On 5/8/11 7:50 AM, Warren Togami Jr. wrote:
> BIGGEST PROBLEM: 32bit EL6 supports a minimum of i686 and they have excluded
> certain kernel modules required by LTSP like nbd.ko. For this reason, we may
> need clients of EL6 to boot images based on Fedora 12/13?/14? that still have
> userspace capable of running on i586. I would need to see what are the supported
> archs and kernels in those versions of Fedora.

I've always thought it would be useful to have a generic PXE boot mechanism into 
a livecd image on the server.  That way you could use any distribution's live cd 
or dvd image or use the tools they provide to build a custom version and it 
would work the same whether booted locally or over the network - and importantly 
for this use would not take per-client maintenance.  I think DRBL can boot at 
least a clonezilla-live image but don't know if other images would work.

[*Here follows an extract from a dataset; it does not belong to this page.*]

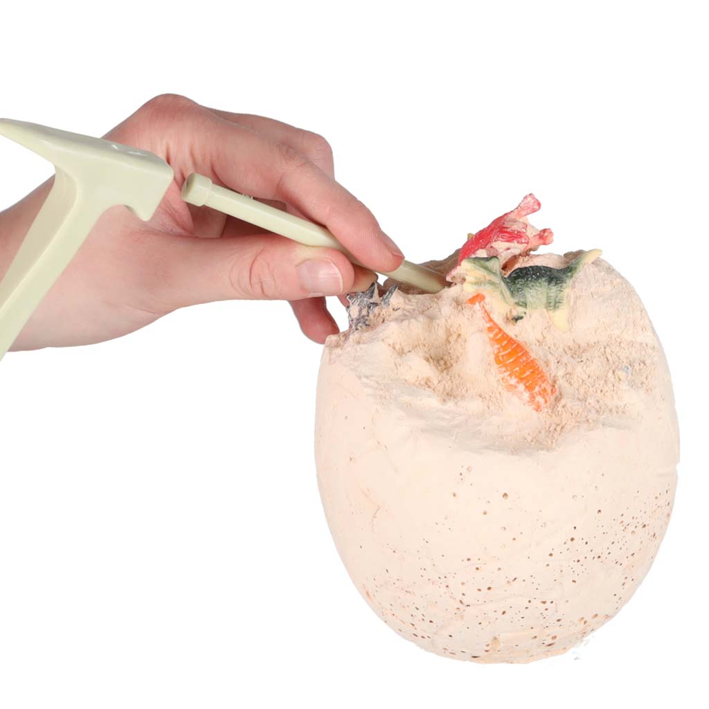 Zestaw archeologiczny wykopaliska –duże jajko z 12 dinozaurami. W środku gipsowego jajka ukryte figurki prehistorycznych stworzeń. Zestaw zawiera narzędzia do wykopalisk, instrukcję i kartę informacyjną. Edukacyjna zabawka rozwijająca ciekawość i precyzję

> * LTSP relies on the ancient and almost now untested functionality of remote X.
> Fedora 8 through 12 I was effectively the only Red Hat engineer working on
> remote X desktop and netboot issues. The entire Fedora distro will continue to
> further drift away from working remote X desktops as it simply was never a
> priority.

That's ummm, extremely unfortunate.  I gave up even looking at Fedora long ago 
because they seemed so out of touch with the way unix/linux is actually used, 
apparently wanting to turn it into a single-user toy.  On the other hand, it is 
fairly likely that future client hardware would be able to run the desktop 
locally, given a way to boot a fairly fat client.

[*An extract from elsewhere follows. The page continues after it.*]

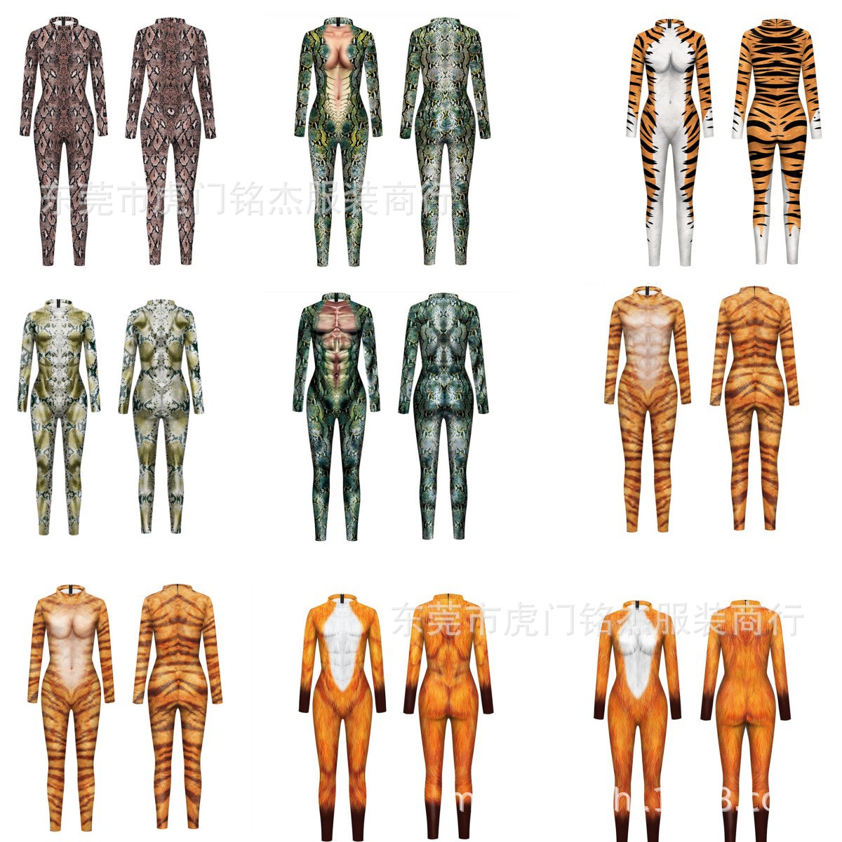 Pakaian penampilan panggung jumpsuit cetak 3D COS pola ular hewan Eropa dan Amerika pakaian pasangan setelan satu potong lengan panjang

> Next Generation of K12Linux: Desktop Virtualization
> ===================================================
> http://en.wikipedia.org/wiki/Desktop_virtualization
> I have been thinking about a theoretical next generation technology replacement
> for LTSP. Fedora contains the remote desktop protocol SPICE and kvm, the Open
> Source core components of a VDI solution.

Is spice licensed for redistribution?  I thought I just saw something mentioned 
on the Centos list that they couldn't include it in 6.x.

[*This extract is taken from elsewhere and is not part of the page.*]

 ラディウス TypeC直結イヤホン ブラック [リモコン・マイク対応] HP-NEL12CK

> A theoretical K12Linux based on SPICE would have each user's desktop running
> within their own virtual machine on a pool of centralized servers. Maybe each
> user's desktop VM would be hibernated to disk when their client disconnects in
> order to conserve central server resources.
> The desktop GUI and sound would be forwarded over the network and viewable with
> the SPICE client running on thin clients. This would theoretically allow
> K12Linux deployments to connect to any mix of both Windows or Linux virtualized
> desktop machines, although K12Linux would only document the Linux case.

Seems like the wrong way to go compared to booting something that can run video 
locally.  That is, you are adding several layers that are going to require cpu 
cycles and probably use a less efficient network protocol than the original 
video source format.  There would be some tradeoffs between beefing up the 
server and the clients, but needing to do both sounds wrong.

> Youtube sucks much less over the SPICE protocol than with remote X of LTSP.
> Modern expectations of stuff like video are another nail in the coffin for the
> old LTSP model.

How would it compare to, say, running vlc directly on the client where for 
classroom use you could multicast the stream to scale out?